Currently, MindSpore provides only a [CustomOpBuilder](https://www.mindspore.cn/docs/en/master/api_python/ops/mindspore.ops.CustomOpBuilder.html) interface for online compilation of custom operators, with default compilation and linking options built in. vLLM-MindSpore Plugin integrates operators based on MindSpore’s custom operator feature and compiles them into a dynamic library for package release.
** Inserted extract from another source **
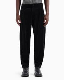 Hose mit einer Bundfalte, gefertigt aus Seersucker-Samt mit Punkte-Muster

The following introduces the build process:

### Extension Module

In `setup.py`, vLLM-MindSpore Plugin adds a `vllm_mindspore._C_ops` extension and the corresponding build module:

```python
ext_modules = [Extension("vllm_mindspore._C_ops", sources=[])],
cmdclass = {"build_ext": CustomBuildExt},
```

There is no need to specify `sources` here because vLLM-MindSpore Plugin triggers the operator build via CMake, which automatically collects the source files.

### Building Process

1. `CustomBuildExt` calls CMake to execute `csrc/CMakeLists.txt`, passing necessary environment variables to trigger operator build.
2. Through `ascendc/CMakeLists.txt`, the AscendC compiler is called to compile the source code in the `ascendc` directory. The static library `ascendc_kernels_npu.a` is generated.
3. Recursively collect the list of cpp source files `SRC_FILES`.
4. Generate a temporary script `build_custom_with_ms.py`, which calls `mindspore.CustomOpBuilder` to build the operator interfaces. The script also contains the source file list, header paths, static library paths, etc.
5. Use CMake's `add_custom_target` command to call the Python script to build the custom operator, generating `_C_ops.so`.
6. Rename `_C_ops.so` to the standard Python package extension module name, such as `_C_ops.cpython-39-aarch64-linux-gnu.so`.